Finally, a muffin recipe that fuels your body and satisfies your cravings for baked breakfast goods. These Blueberry muffins are vegan, fat-free and sugar-free. They are made with whole wheat flour, sweetened with the natural goodness of bananas, blueberries, and applesauce; they taste really really good.
I make them pretty regularly, using whatever fruit has come out of the garden. They make a fantastic breakfast to take to work if you aren’t big on eating at the crack of dawn. They are also perfect for making ahead because when put in the fridge, they can provide a healthy breakfast all week as you rush off to work.
2 cups whole wheat flour (white flour also works great)
1 tsp baking soda
1/2 tsp cinnamon
1/2 tsp salt
1 1/2 tsp baking powder
2/3 cup almond milk
1 tsp vanilla
2 mashed bananas
2/3 cup apple sauce (I use no sugar added)
1 cup blueberries
1 tsp chia seeds (totally optional, but I love the added omegas)

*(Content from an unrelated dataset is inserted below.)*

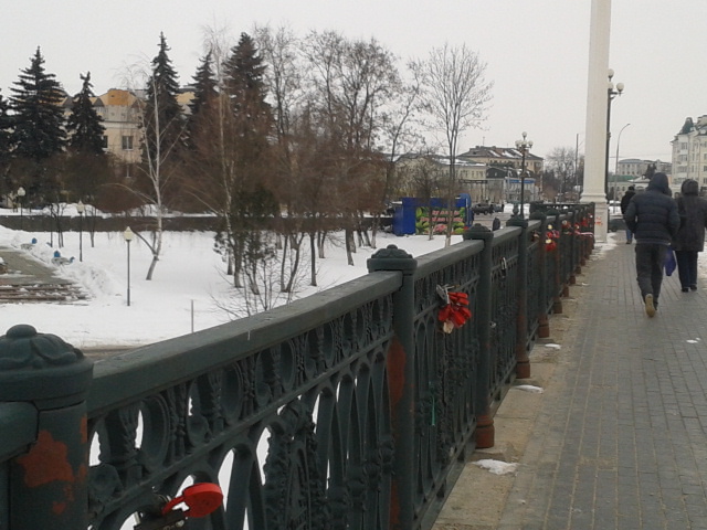 Весь мост увешан свадебными замочками))) Ключи тещам наверное отдают))

Mix all the dry ingredients together in a big bowl. Mix wet ingredients together and then add them to the dry. Stir wet and dry together with a fork, being careful not to over mix.If the mixture feels especially dry, add another splash of almond milk. It will vary based on how ripe the bananas are.
Add chia seeds and blueberries, mixing until combined.
Place mixture in either muffin tins with papers or in a mini loaf pan. If you don’t want to use muffin papers, you can just spray the muffin tin with a little bit of olive oil spray and the muffins will come out like a charm. Sometimes, I’ll take whatever fresh fruit we have growing and throw it into the middle of each muffin. I’ve used mini strawberries and cherries, both have turned out delicious.
Bake at 350 degrees for about 20 – 30mins, or until the muffins turn a nice golden brown color on the sides. The top may still appear slightly white because of their lack of diary. Enjoy!